I don't have 82574 controller to test but it may depend on how
pipelined Tx data DMA works. If 82574 can still pipeline Tx data
DMA when a new context is written it would be better to enable
checksum offloading. If em(4) uses single Tx queue, we can safely
enable checksum offloading, I guess.

> Jack
> 
> 
> On Tue, Aug 17, 2010 at 11:52 AM, Pyun YongHyeon <pyunyh@gmail.com> wrote:
> 
> > On Mon, Aug 16, 2010 at 05:07:11PM -0400, Mike Tancsa wrote:
> > > Hi Jack,
> > >         FYI, I am still seeing this same problem on RELENG_8 (code
> > > as of today).  Unfortunately I cant try Pyun's patch since the
> > > underlying code has changed since then.
> > >
> > > em4@pci0:3:0:0: class=0x020000 card=0x34ec8086 chip=0x10d38086
> > > rev=0x00 hdr=0x00
> > >     vendor     = 'Intel Corporation'
> > >     device     = 'Intel 82574L Gigabit Ethernet Controller (82574L)'
> > >     class      = network
> > >     subclass   = ethernet
> > >     cap 01[c8] = powerspec 2  supports D0 D3  current D0
> > >     cap 05[d0] = MSI supports 1 message, 64 bit enabled with 1 message
> > >     cap 10[e0] = PCI-Express 1 endpoint max data 128(256) link x1(x1)
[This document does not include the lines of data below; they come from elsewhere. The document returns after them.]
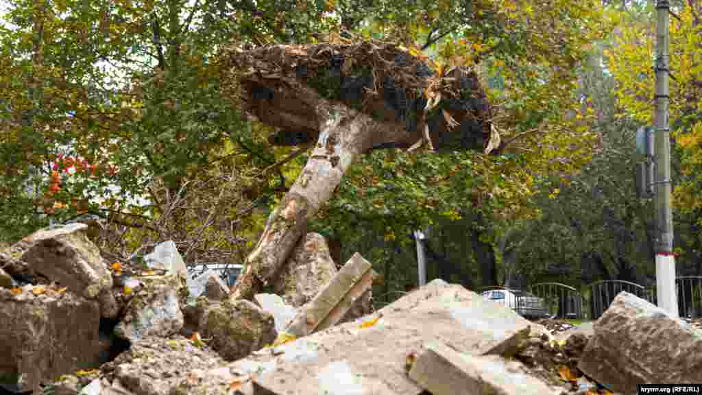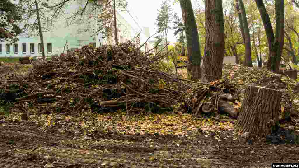 Корреспондент Крым.Реалии запечатлел, как исчезает роща возле симферопольского Дворца культуры профсоюзов.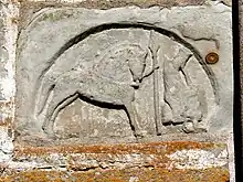 The southern façade is adorned with elements of a Romanesque frieze, made by the artist commonly referred to as Sigraf and dating from circa 1200. They depict animals, both real and mystical, as well as fighting men and knights on horseback. Scholars are divided as to what they may depict. Some speculate that they may be an illustration of evil forces, pursuing humans. Others argue that they may be illustrating an ancient tale, perhaps that of Beowulf.[1][4]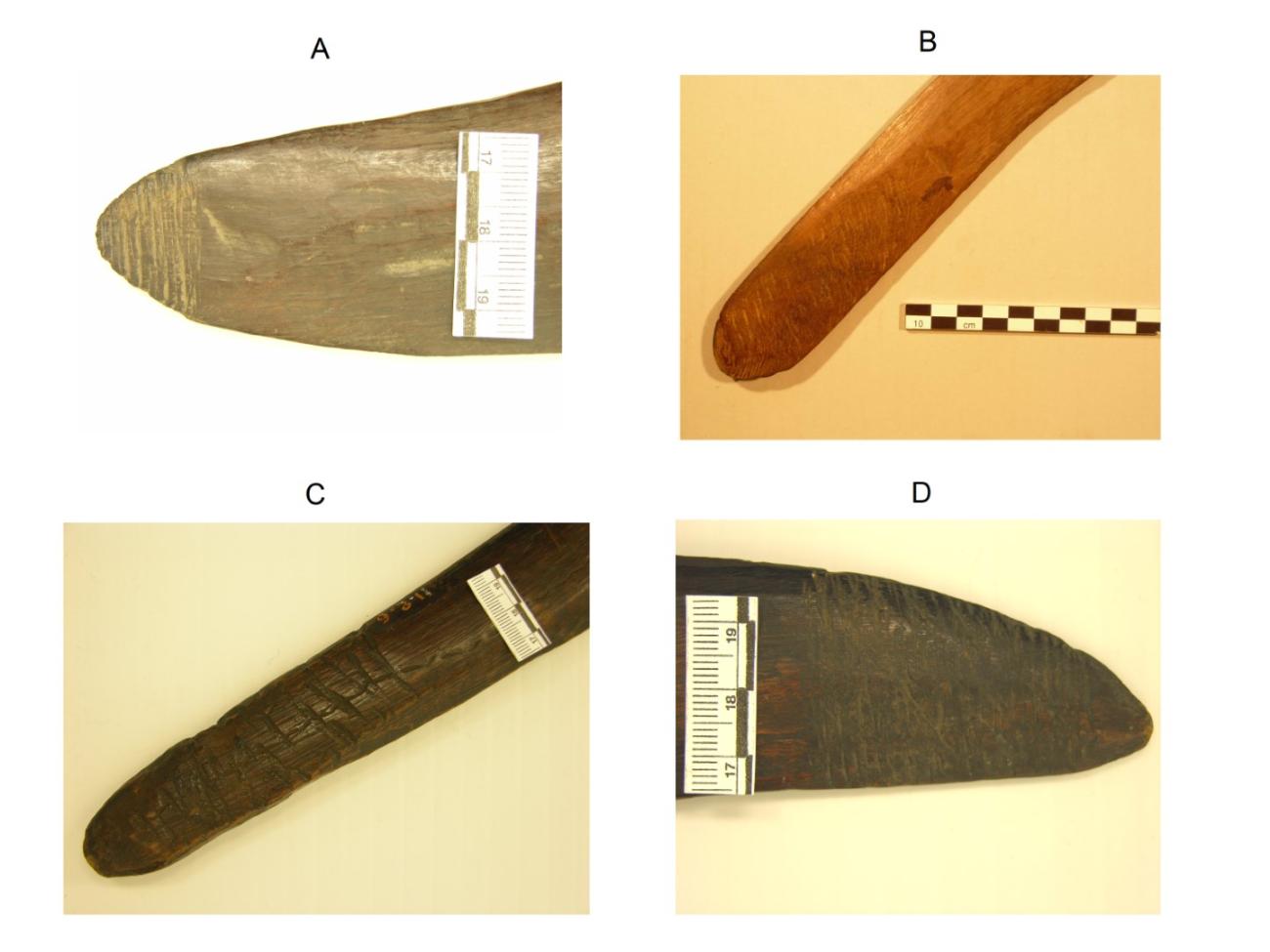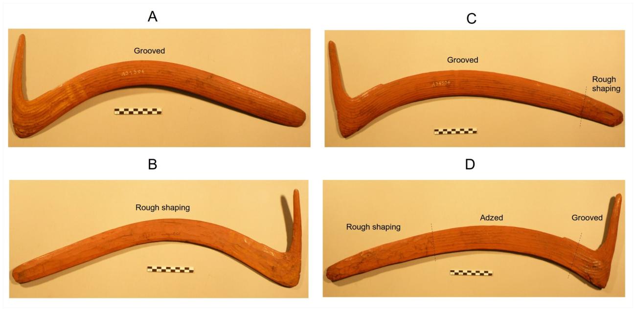 The recent absence of decorative grooving on the underside of the kylies and wirlkies from central Australia clearly shows that cutting tool shaping and then adze removal was a refinement step that preceded the regularization of the surface and the installation of the grooves (See Figure 4). Indeed, the oldest models, dating from the nineteenth century, have both sides regularized and fully grooved while more recent models do not have grooves on the lower surface (lower face) leaving the less visible surface only worked with an adze (See Figure 4a,b). Still others report an even greater shrinkage of the groove system which only partially covers the upper surface, omitting the gripping end (See Figure 4c,d). This change is probably guided by a progressive economy of this time consuming grooving work, but also a probable withdrawal from the ceremonial uses of this type of throwing stick, since these throwing sticks are used to be clapped together and their fluted surface used to produce sounds by rubbing a pair of them together during dances (McCarthy, 1961; Van der Leeden, 1967).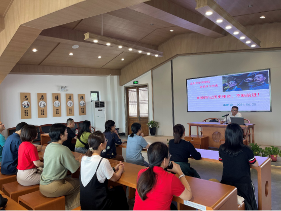 来新安老师为大家主讲“时刻牢记历史使命,不断前进”的主题党课。他结合中国共产党的百年奋斗历史,从“五四”运动前后的现代化思潮导入,进而阐述十月革命把马克思主义从一种理论设想变成了现实社会制度构建,开创了人类社会崭新的发展道路——社会主义道路的过程。最后,他介绍了党的创建和奋斗历程,中国共产党的成立使中国革命的面貌焕然一新,中华民族迈向现代化之路揭开了崭新篇章。专题党课结束后,来老师还结合自己的职业生涯,真诚分享了“如何当好一名好教师”的心得体会。他提到,教师是一个特殊的职业,该职业的服务对象是学生,是未来的人才。要想成为一名合格的大学教师,首先必须要在自己的言行举止方面进行规范,用自己的言行影响学生、用自己的专业素养激发学生、带动学生,然后才能在此基础上讲究方式方法,开辟育人渠道,培养合格人才、优秀人才。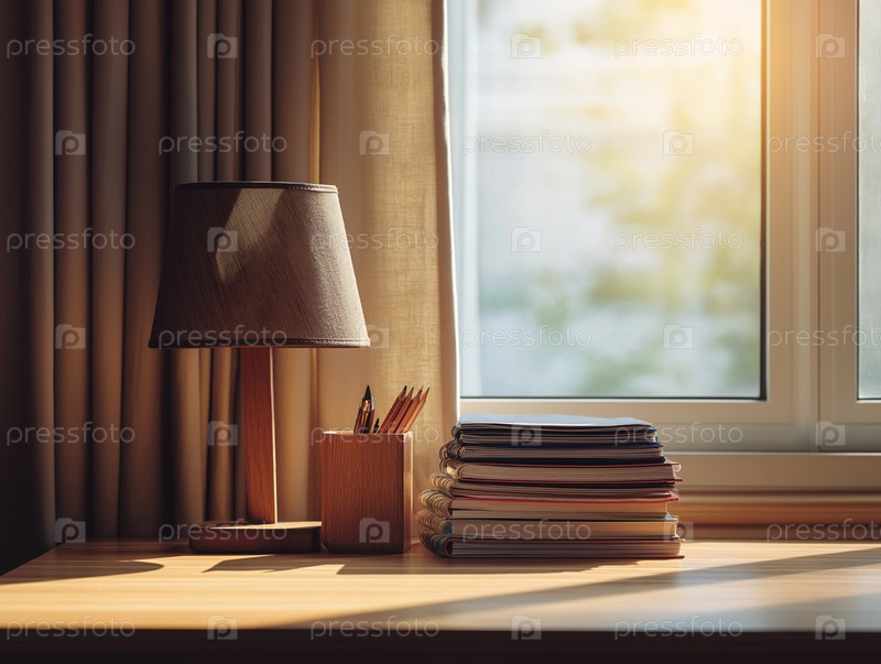 Стол у окна с лампой, карандашами и аккуратной кучей тетрадей

> > >     cap 11[a0] = MSI-X supports 5 messages in map 0x1c
> > >
> > > pci3: <ACPI PCI bus> on pcib3
> > > em4: <Intel(R) PRO/1000 Network Connection 7.0.5> port 0x1000-0x101f
> > > mem 0xb1900000-0xb191ffff,0xb1920000-0xb1923fff irq 16 at device 0.0 on
> > pci3
> > > em4: Using MSI interrupt
> > > em4: [FILTER]
> > > em4: Ethernet address: 00:15:17:ed:3e:c4
> > >
> >
> > Here is updated patch for HEAD and stable/8.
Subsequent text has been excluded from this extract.